When we were visiting there once, it had rained and rained for days. Wanting to see what the woman had done to punctuate the monsoon, we drove by. There it was outfitted in a brilliant yellow slicker, and sitting cheerfully, in a little raft of its own.

Knocked us out.

This morning, my sister in law called and in the course of the conversation, mentioned that the duck today, is arrayed in a red, white, and blue shirt with a Gold Medal draped around its neck – just like a real Olympian winner.

The woman and her duck are now somewhat famous in the area, and there’s been at least one article written about them in the local newspaper.

Ah, but one morning the woman of the house awoke to find her precious duck gone! Stolen! She must have been decimated. But then a short while later she began receiving postcards from the damned duck – from Germany, France, and other countries on the continent. Eventually, her precious animal reappeared at its regular perch at the top of the lawn, none the worse for wear.

Turns out some college kids (most likely) birdnapped the duck, took it on a European tour, then put it back the same way they took it: anonymously.

Around here, it’s geese. Folks dress up a concrete goose on the porch in holiday-specific clothes. There must be a cottage industry of crafty people who make all these costumes somewhere. In February, you’ll even see a few in stovepipe hat and beard.

Concrete geese were such a fad around here for years that some garden centers had whole sections devoted to goose clothes, and all the major sewing pattern companies had patterns for clothes.
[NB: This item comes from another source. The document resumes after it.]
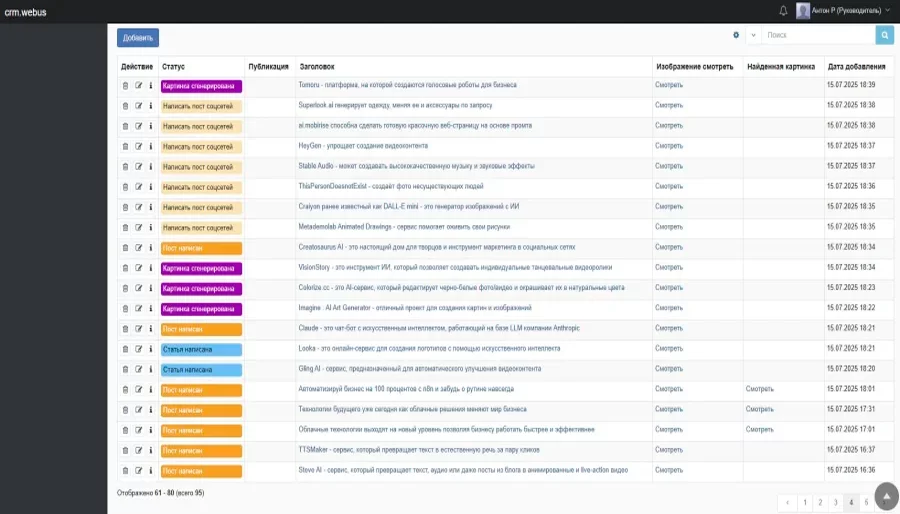 - Просмотр и правка сгенерированных постов, статей, промтов изображений (через интерфейс CRM в статусах ... готово).

Some of the ladies who made goose clothing for pin money were our best remnant customers at the fabric shop I worked in. But the fad has faded here…no more newspaper articles, no more kidnapping stories. Since Cleveland is always on the tail-end of most fads (we’ve just now gotten foam parties) it’s refreshing to hear that somewhere else is even more delayed than us!

Wouldn’t it be a little hard to drag a concrete lawn ornament around to so many foreign countries in your carry-on?
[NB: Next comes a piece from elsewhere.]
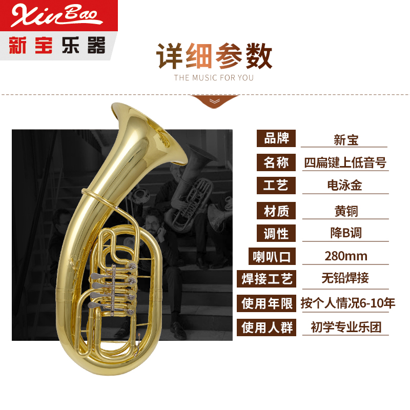 Xinbao upper bass instrument flat four keys Small horn flat key Yunfulai brass large brass EP1101

Crikey. I’m sorry I bothered to tell the story. I knew from nothing about a cottage industry of Goose Clothiers nor old avian kidnappings. Just thought it was a cute little throw away vignette.
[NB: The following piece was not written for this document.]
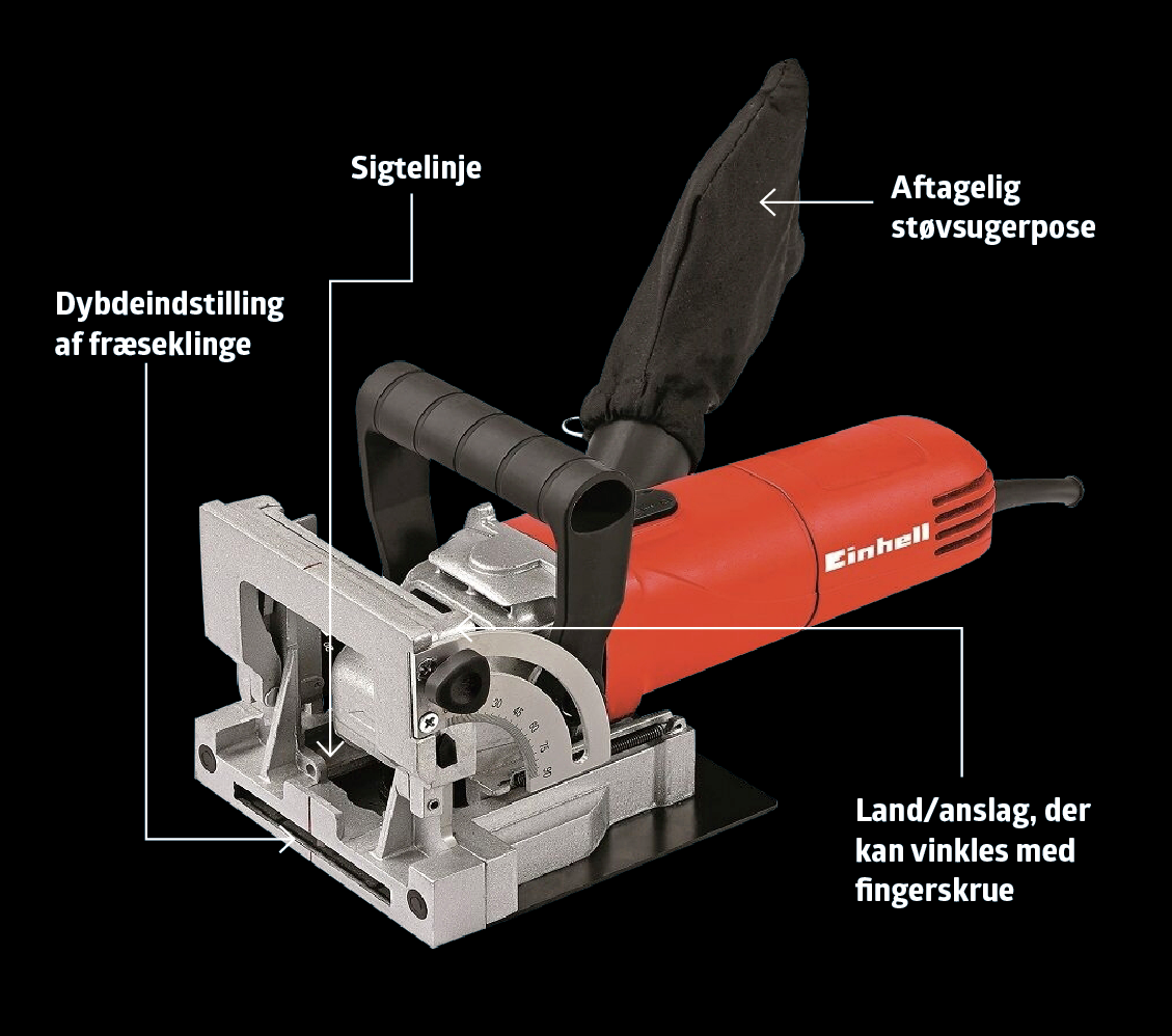 Højden på landet kan indstilles i forhold til fræseklingen, så dyvlen kan placeres korrekt uanset materialets tykkelse.

And yes, it would indeed be very hard to drag a concrete lawn ornament around so many foreign countries.

But maybe these college kids realized they could leave the duck stateside, and the joke would still work. Geniuses that they were, they probably knew that, in the first place, the concrete duck couldn’t write. :smack:

We had a log in our neighborhood.

Yeah, a log.

A big old length of wood that turned up at the end like a head. Got dressed up every month and on holidays.

Nitpick: I bet you mean “devastated.” “Decimate” = to take a tenth from.

So far, a trifle of monumental silliness, yet I cannot maintain a stoney face…

Tsk, tsk, you shouldn’t toot your own coot like that – you might stoke international resentment in the international concrete waterfowl figurine community…

Clearly a case of fowl play.

Well, seeing as how there was no lasting harm done, other than a few feathers getting ruffled… This case is strictly for the birds.

In other words, a hacker job on a quack job.